New Facebook Video Ad Plans Revealed

Scott Lambert

A copy of a presentation deck designed by Facebook for marketing its new video ad scheme was yesterday obtained by TechCrunch and has sparked intense debate within the marketing world. It reveals Facebook’s plans to achieve domination in the video marketing world by outpacing its main rivals: YouTube and the entire television business.

Facebook presents itself as having two main advantages: reach and targeting. It now has greater reach than most television networks, especially in key demographics such as the 18 to 24 age group. It can also offer better deals because of its ability to give advertisers direct access to select groups. The only way TV can come close to this is by offering to broadcast ads in particular time slots or alongside particular programs; however, in most cases this is a crude method of targeting and far less effective than focusing on people who have expressed a positive interest in the type of product or service being sold. YouTube also struggles with effective targeting, with its closest approach being the development of user-led channels that viewers may choose to engage with.

In addition to this, Facebook has the advantage of being able to offer space in what it describes as the most attractive online real estate: its news feed. People read this news feed largely for the purpose of enjoyment and keeping up with people and things they care about. Those who click on a video ad in this space will already have made a positive choice to engage with it; conversely, television viewers consume adverts passively or not at all, often choosing to turn the sound off or leave the room to fetch a snack in the time that it takes for the program they would rather be watching to restart.

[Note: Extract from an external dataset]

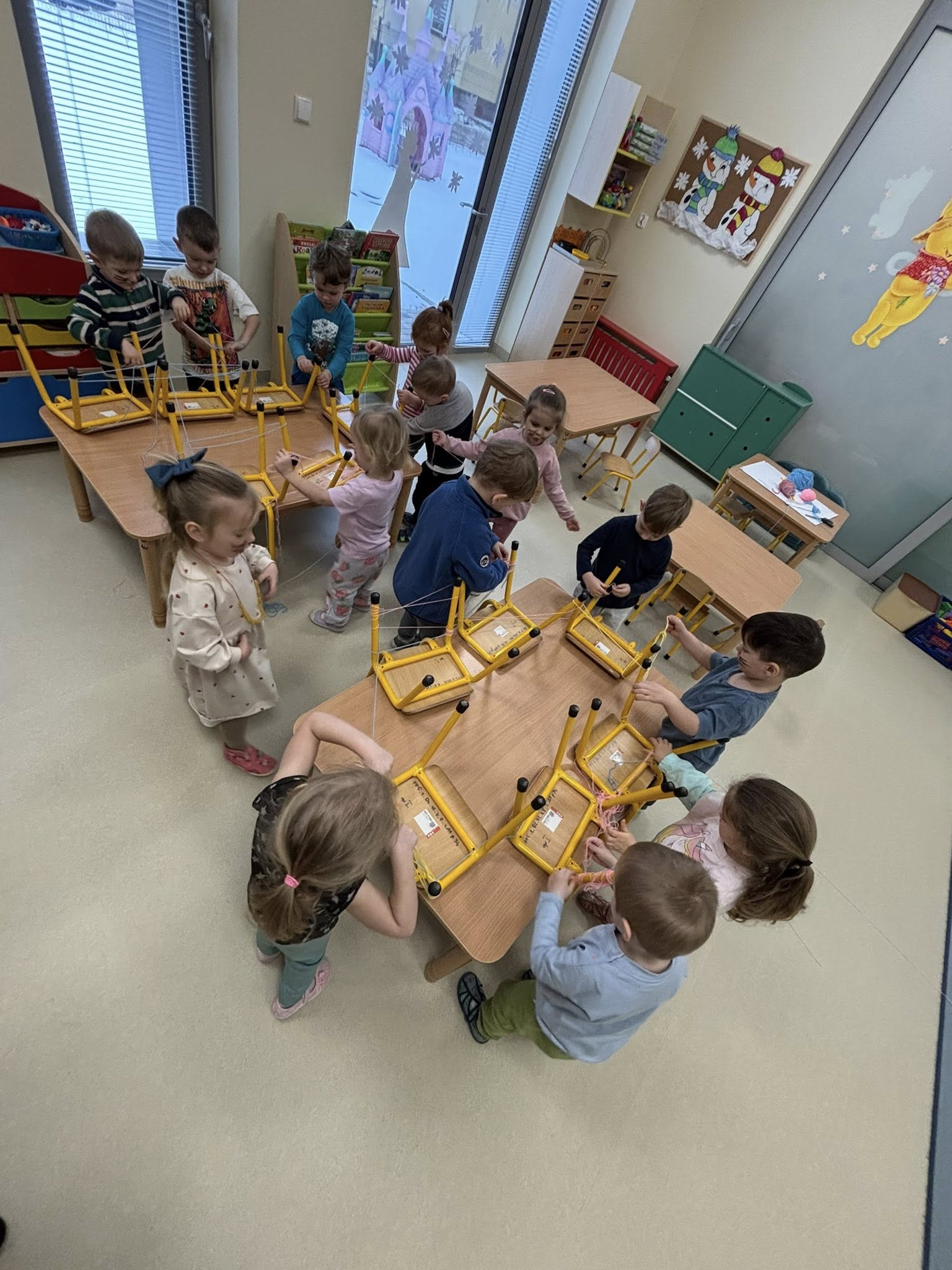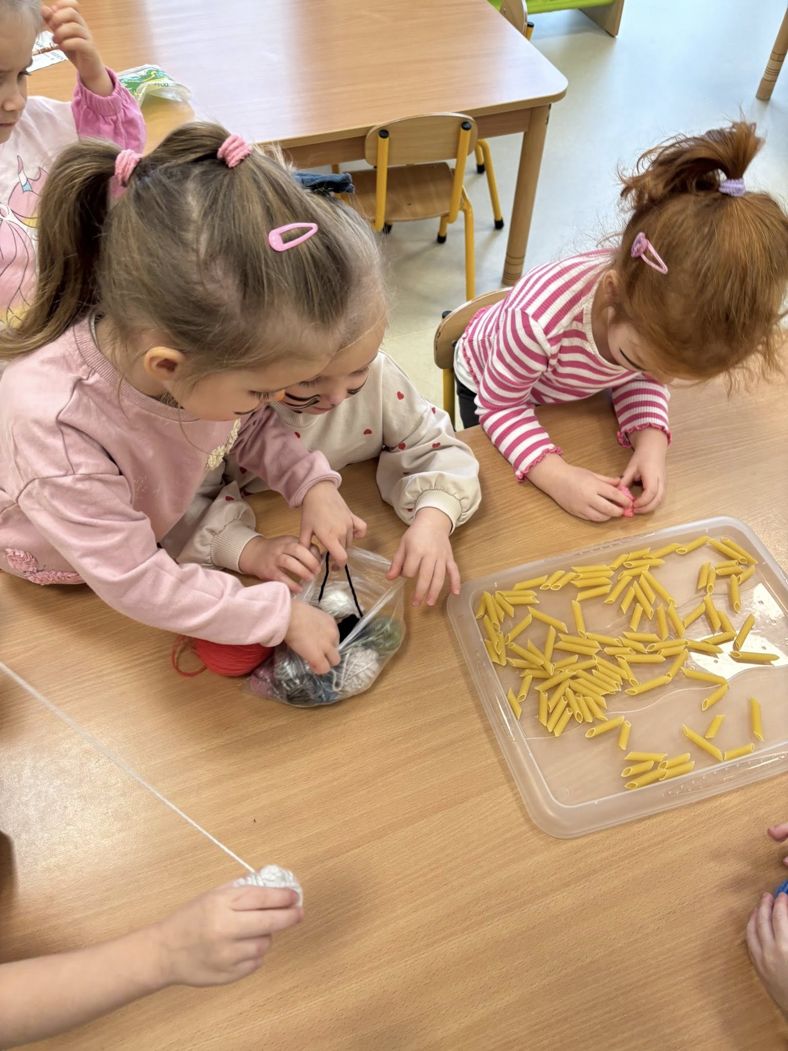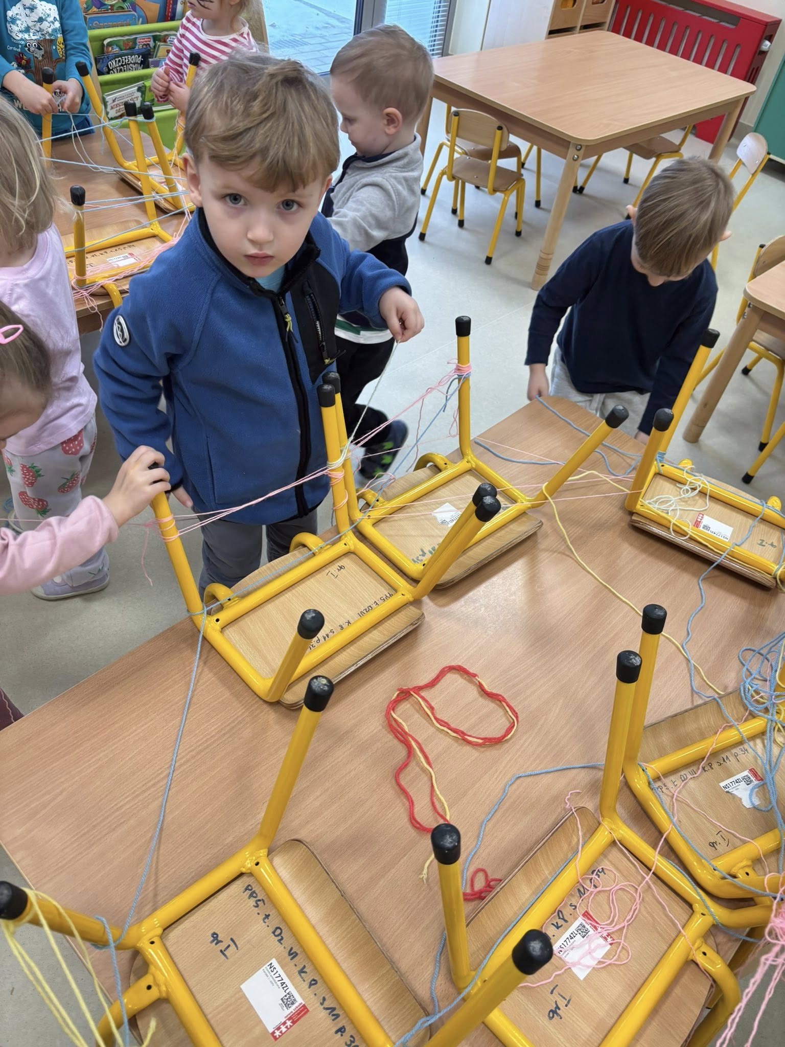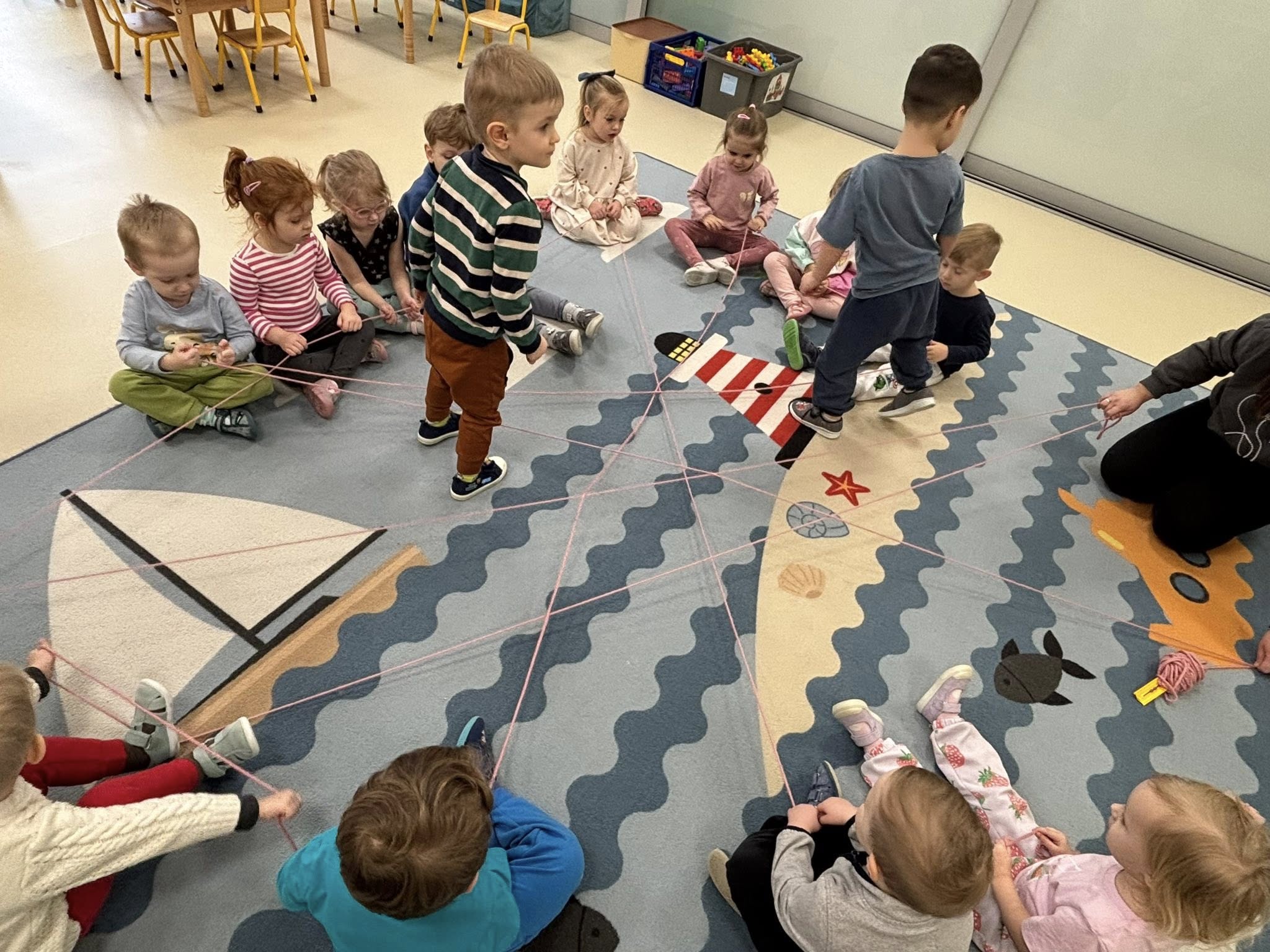 Były też „kocie” zabawy z włóczką ? – nawlekanie, przewlekanie, tworzenie motków i rozróżnianie kolorów, a także układanie puzzli. To był dzień pełen radości i nauki!

Finally, Facebook has the advantage of being the single most popular application used on mobile devices, and by a long way. As the mobile market continues to grow dramatically, Facebook is well positioned for getting ads out there to a huge and active audience.

What will ultimately make or break this scheme is the cost of placing video ads on Facebook; as yet, there is no mention of what this cost might be. Many "leaks" are not what they seem and it is possible that Facebook let this one slip in order to get a measure of market reactions before having to make any declarations about money. It is a story that businesses with an interest in what online video could do for them will want to watch closely.